Inference Abuse & Resource Exhaustion

LLM DoSModel AbuseInference Cost Attack

Inference Abuse & Resource Exhaustion at a glance

What it is: Attacks that exploit LLM inference costs through excessive or malicious requests, causing financial damage, service degradation, or denial of service.

Why it happens: Inference abuse occurs when LLM endpoints lack proper authentication, rate limits, token or cost controls, caching, and usage monitoring, allowing excessive or unauthorized model use and resource exploitation.

How to fix: Apply rate limits and token caps, monitor per-user inference costs, and use caching to minimize redundant LLM requests and control resource usage.

Overview

Large Language Model inference is computationally expensive, with costs typically charged per token processed. Attackers can exploit this by generating excessive requests, crafting inputs that maximize token generation, or triggering expensive model operations repeatedly. This can cause significant financial damage and degrade service availability.

Common abuse patterns include sending high volumes of requests to exhaust API quotas or budgets, crafting prompts that trigger maximum-length outputs, exploiting loops or repetitive generation, targeting expensive operations (image generation, code execution), and abusing free tiers or trial accounts at scale.

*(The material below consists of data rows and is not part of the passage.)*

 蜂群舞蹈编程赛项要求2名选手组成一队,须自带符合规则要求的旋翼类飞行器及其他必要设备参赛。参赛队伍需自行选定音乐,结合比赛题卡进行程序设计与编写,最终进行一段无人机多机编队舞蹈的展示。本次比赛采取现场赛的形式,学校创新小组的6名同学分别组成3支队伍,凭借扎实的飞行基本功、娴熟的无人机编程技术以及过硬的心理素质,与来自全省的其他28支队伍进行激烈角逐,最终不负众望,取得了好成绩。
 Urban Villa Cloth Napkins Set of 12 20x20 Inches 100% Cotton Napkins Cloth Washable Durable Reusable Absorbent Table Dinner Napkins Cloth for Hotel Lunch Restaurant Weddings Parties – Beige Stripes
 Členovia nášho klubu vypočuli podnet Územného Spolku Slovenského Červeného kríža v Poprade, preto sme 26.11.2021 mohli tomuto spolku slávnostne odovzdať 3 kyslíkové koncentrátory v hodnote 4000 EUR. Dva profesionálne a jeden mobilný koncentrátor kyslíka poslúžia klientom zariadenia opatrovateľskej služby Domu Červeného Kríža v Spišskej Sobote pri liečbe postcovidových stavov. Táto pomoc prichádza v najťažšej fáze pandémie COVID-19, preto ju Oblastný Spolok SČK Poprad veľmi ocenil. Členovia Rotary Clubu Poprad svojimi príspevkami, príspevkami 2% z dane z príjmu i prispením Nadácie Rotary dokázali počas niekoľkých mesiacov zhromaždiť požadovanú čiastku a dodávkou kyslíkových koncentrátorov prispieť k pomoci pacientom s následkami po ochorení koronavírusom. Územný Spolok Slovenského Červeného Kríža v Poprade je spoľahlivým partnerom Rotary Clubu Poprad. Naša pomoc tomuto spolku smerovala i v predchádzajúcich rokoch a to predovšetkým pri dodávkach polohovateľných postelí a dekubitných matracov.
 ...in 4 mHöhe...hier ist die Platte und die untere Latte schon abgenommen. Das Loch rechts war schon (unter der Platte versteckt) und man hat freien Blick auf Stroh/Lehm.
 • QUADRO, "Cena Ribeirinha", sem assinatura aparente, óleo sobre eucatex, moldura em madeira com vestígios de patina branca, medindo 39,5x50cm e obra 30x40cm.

sequenceDiagram participant Attacker participant App participant LLM as LLM API participant Billing loop Automated requests Attacker->>App: Craft prompt to maximize output tokens App->>LLM: Process (no limits) LLM->>LLM: Generate maximum length response LLM-->>App: 4000 tokens response LLM->>Billing: Charge for 4000 tokens end Billing->>App: Invoice: $10,000 (unexpected cost) Note over App: Missing: Rate limiting<br/>Missing: Token limits<br/>Missing: Cost monitoring

A potential flow for a Inference Abuse & Resource Exhaustion exploit

Where it occurs

Inference abuse occurs in LLM deployments lacking rate limits, authentication, usage monitoring, or cost controls, allowing excessive or unauthorized model access and resource consumption.

Impact

Inference abuse leads to unexpected financial costs (potentially thousands of dollars), service degradation or denial for legitimate users, API quota exhaustion, resource starvation affecting other applications, and bankruptcy of free tier offerings. Automated attacks can scale the damage rapidly.

Prevention

Prevent this vulnerability by enforcing authentication, rate and token limits, cost monitoring with automatic shutoffs, caching, circuit breakers, abuse detection, tiered usage controls, and continuous logging to block misuse and cost-based attacks.

Examples

Switch tabs to view language/framework variants.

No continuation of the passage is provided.